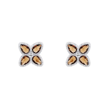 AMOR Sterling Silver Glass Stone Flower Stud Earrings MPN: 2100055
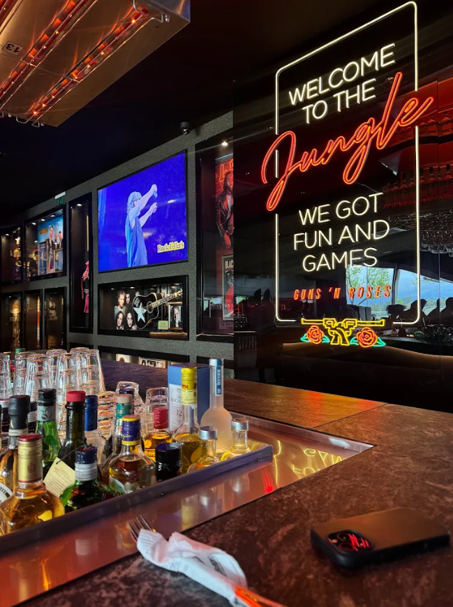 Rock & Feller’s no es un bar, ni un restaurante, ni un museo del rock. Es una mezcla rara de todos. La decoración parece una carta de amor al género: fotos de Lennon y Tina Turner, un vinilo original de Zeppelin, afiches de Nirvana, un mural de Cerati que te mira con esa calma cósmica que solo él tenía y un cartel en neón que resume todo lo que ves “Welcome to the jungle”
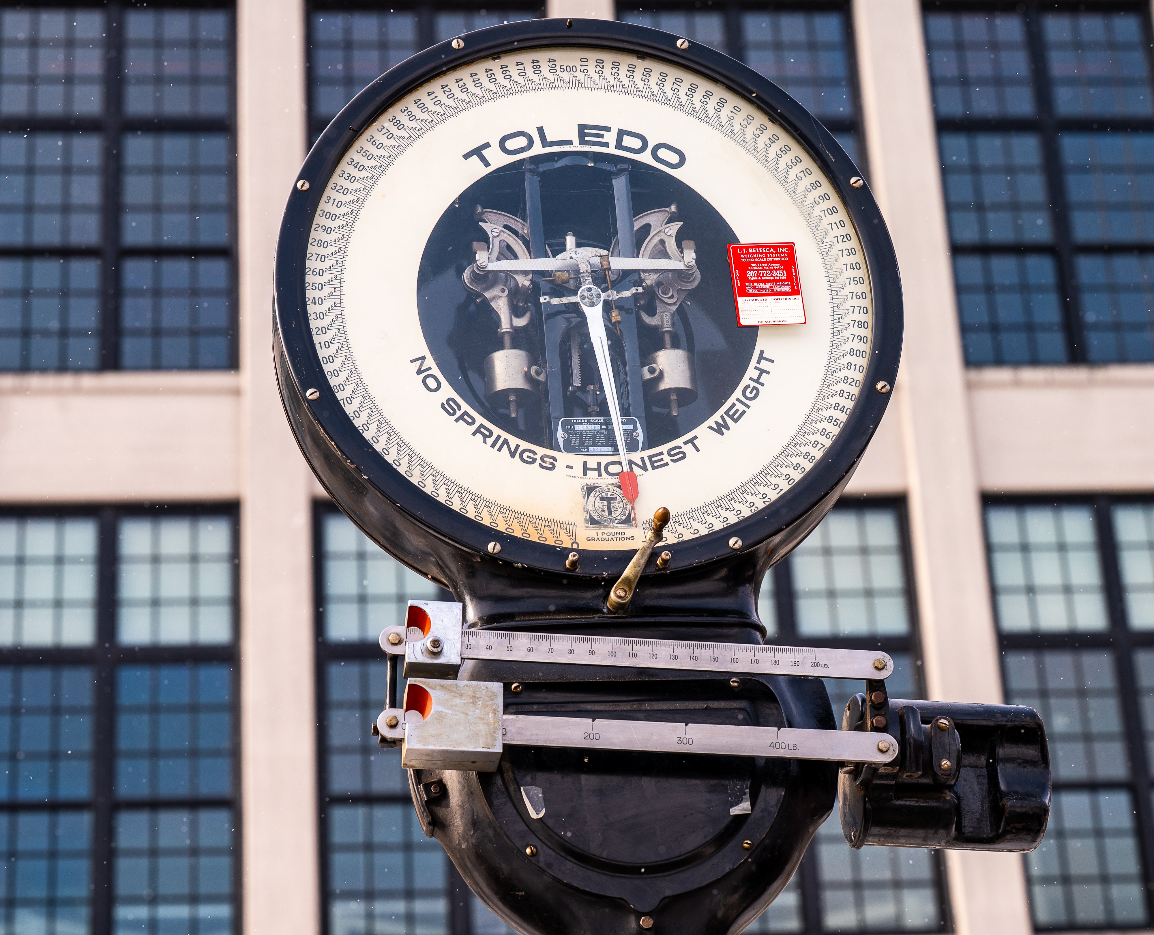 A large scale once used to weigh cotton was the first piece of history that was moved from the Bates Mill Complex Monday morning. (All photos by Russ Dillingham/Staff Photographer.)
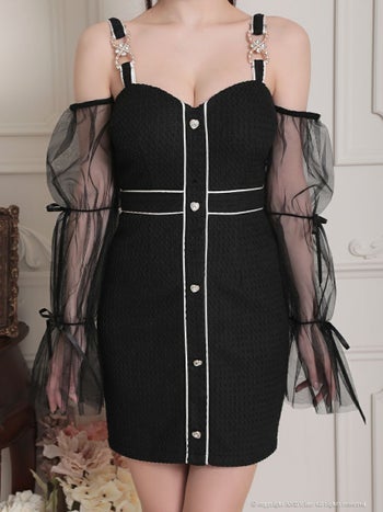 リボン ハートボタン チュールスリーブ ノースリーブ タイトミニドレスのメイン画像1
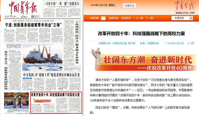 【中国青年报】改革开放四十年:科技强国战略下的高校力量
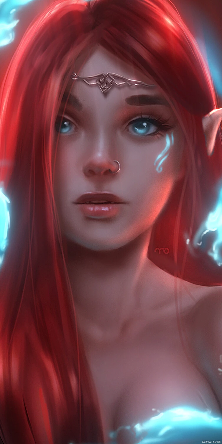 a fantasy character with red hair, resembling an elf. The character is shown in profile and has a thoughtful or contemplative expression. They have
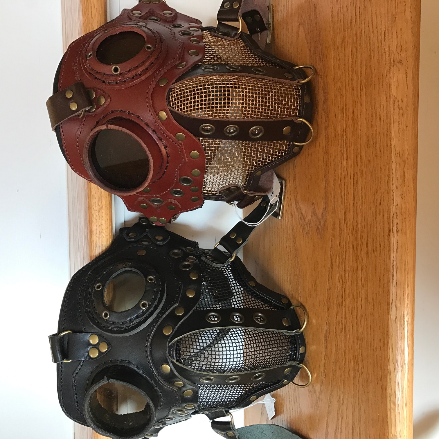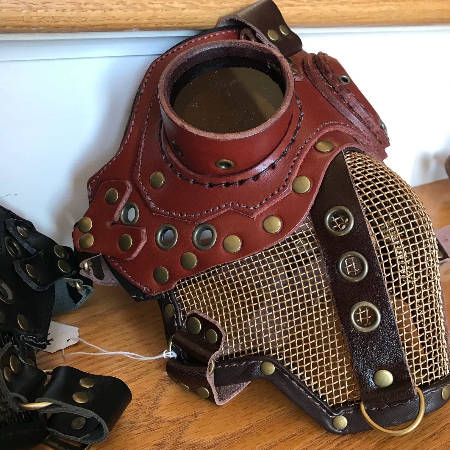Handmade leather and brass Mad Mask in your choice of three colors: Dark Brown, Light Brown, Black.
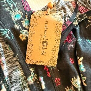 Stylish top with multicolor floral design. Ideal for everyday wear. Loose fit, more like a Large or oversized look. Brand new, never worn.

+ + + + + + +

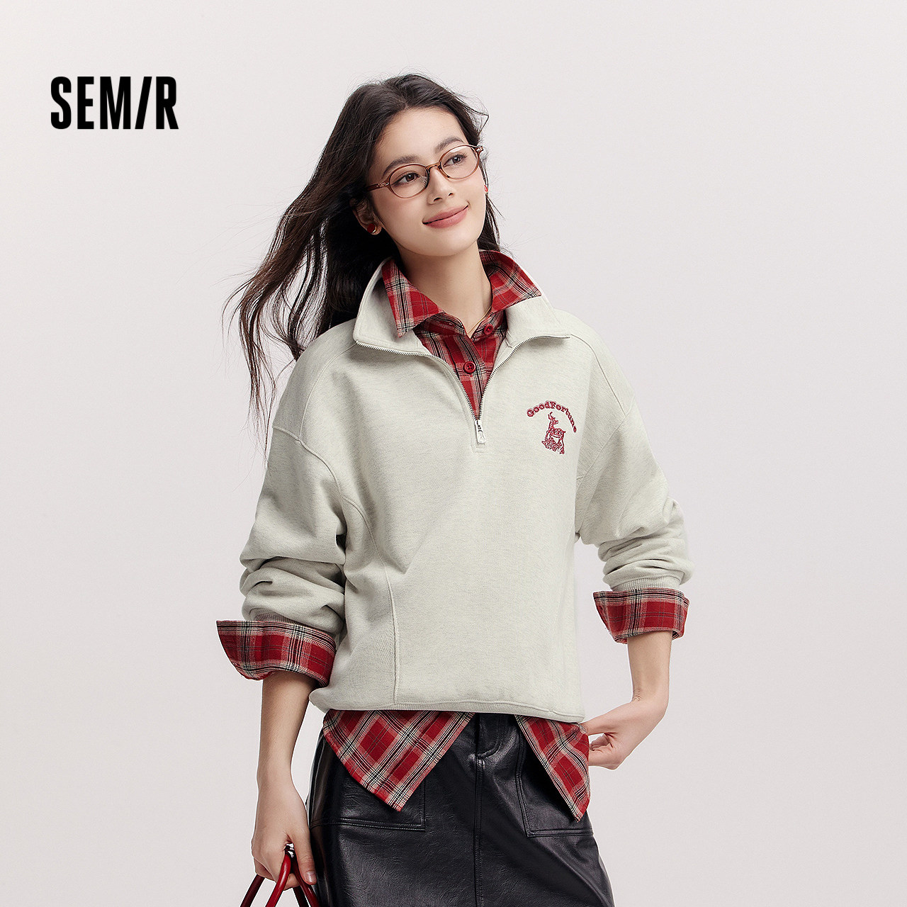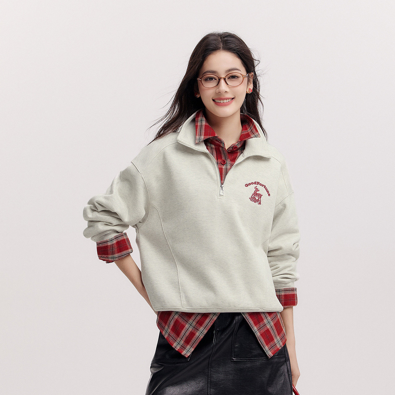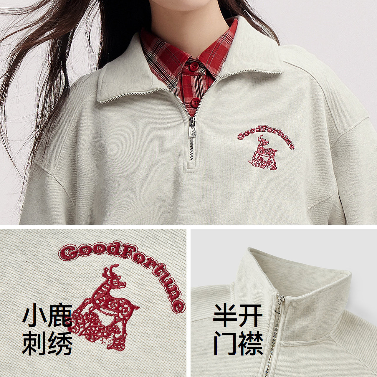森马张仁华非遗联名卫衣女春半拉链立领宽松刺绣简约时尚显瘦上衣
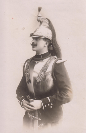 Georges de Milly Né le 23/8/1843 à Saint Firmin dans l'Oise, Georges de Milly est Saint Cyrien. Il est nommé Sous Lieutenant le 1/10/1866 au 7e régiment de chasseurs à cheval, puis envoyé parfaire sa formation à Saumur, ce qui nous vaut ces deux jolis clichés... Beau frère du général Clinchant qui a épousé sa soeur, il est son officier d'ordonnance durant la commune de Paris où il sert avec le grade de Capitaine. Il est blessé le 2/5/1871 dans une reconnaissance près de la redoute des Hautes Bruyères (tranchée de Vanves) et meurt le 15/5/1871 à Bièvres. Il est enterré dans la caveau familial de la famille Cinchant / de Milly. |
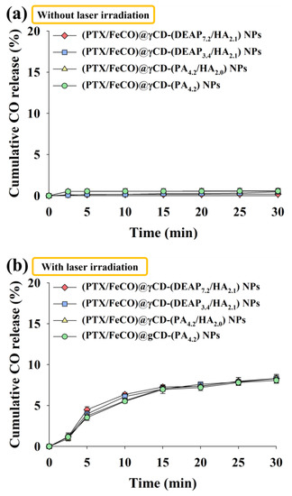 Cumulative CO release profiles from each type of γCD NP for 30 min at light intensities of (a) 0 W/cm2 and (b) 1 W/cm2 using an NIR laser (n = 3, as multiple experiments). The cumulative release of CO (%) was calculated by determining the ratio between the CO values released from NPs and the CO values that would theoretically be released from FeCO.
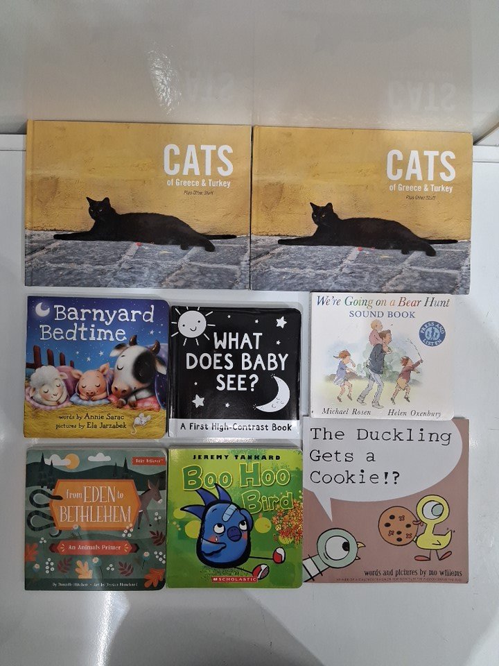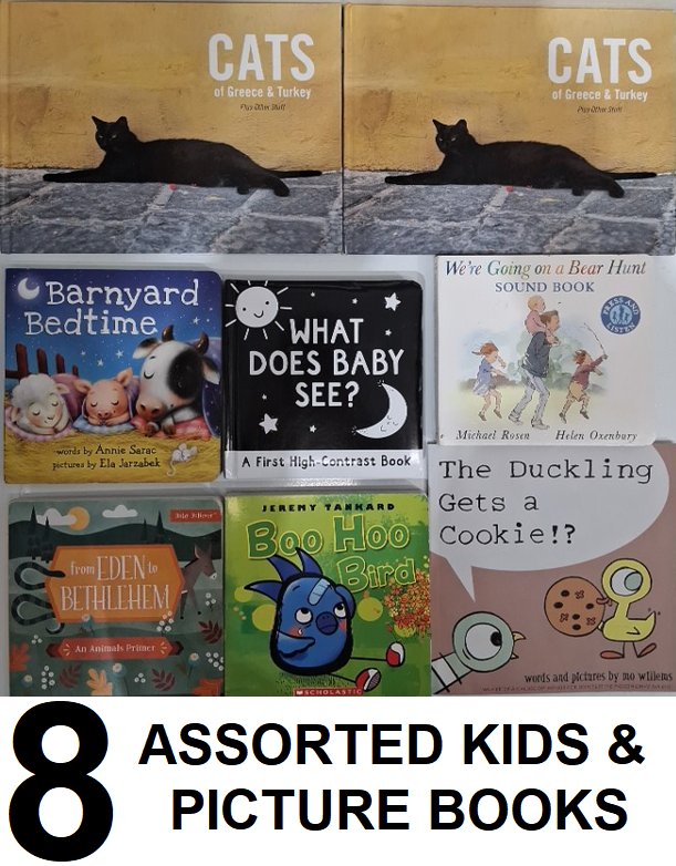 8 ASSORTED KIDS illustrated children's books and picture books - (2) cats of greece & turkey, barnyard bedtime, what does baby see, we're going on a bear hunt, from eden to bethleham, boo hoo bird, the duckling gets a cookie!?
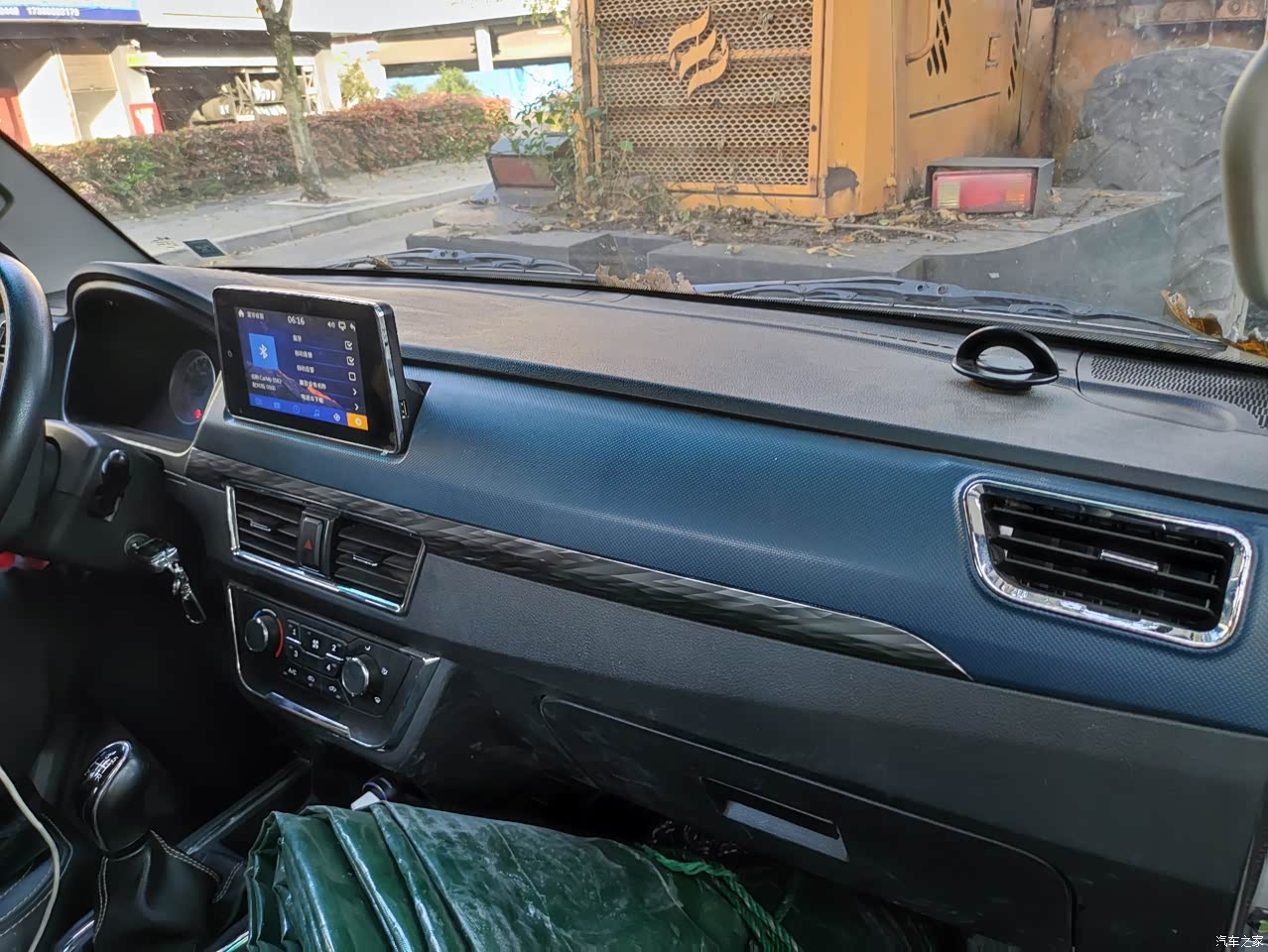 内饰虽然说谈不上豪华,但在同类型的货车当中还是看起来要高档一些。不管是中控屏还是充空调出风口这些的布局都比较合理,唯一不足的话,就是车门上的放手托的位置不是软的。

+ + + + + + +

Write out the lines above from the one with "AMOR Sterling Silver" through the one with "Stylish top with", ends included, exactly; no picture goes in.

* Exercise answer:
 AMOR Sterling Silver Glass Stone Flower Stud Earrings MPN: 2100055
 Rock & Feller’s no es un bar, ni un restaurante, ni un museo del rock. Es una mezcla rara de todos. La decoración parece una carta de amor al género: fotos de Lennon y Tina Turner, un vinilo original de Zeppelin, afiches de Nirvana, un mural de Cerati que te mira con esa calma cósmica que solo él tenía y un cartel en neón que resume todo lo que ves “Welcome to the jungle”
 A large scale once used to weigh cotton was the first piece of history that was moved from the Bates Mill Complex Monday morning. (All photos by Russ Dillingham/Staff Photographer.)
 リボン ハートボタン チュールスリーブ ノースリーブ タイトミニドレスのメイン画像1
 【中国青年报】改革开放四十年:科技强国战略下的高校力量
 a fantasy character with red hair, resembling an elf. The character is shown in profile and has a thoughtful or contemplative expression. They have
Handmade leather and brass Mad Mask in your choice of three colors: Dark Brown, Light Brown, Black.
 Stylish top with multicolor floral design. Ideal for everyday wear. Loose fit, more like a Large or oversized look. Brand new, never worn.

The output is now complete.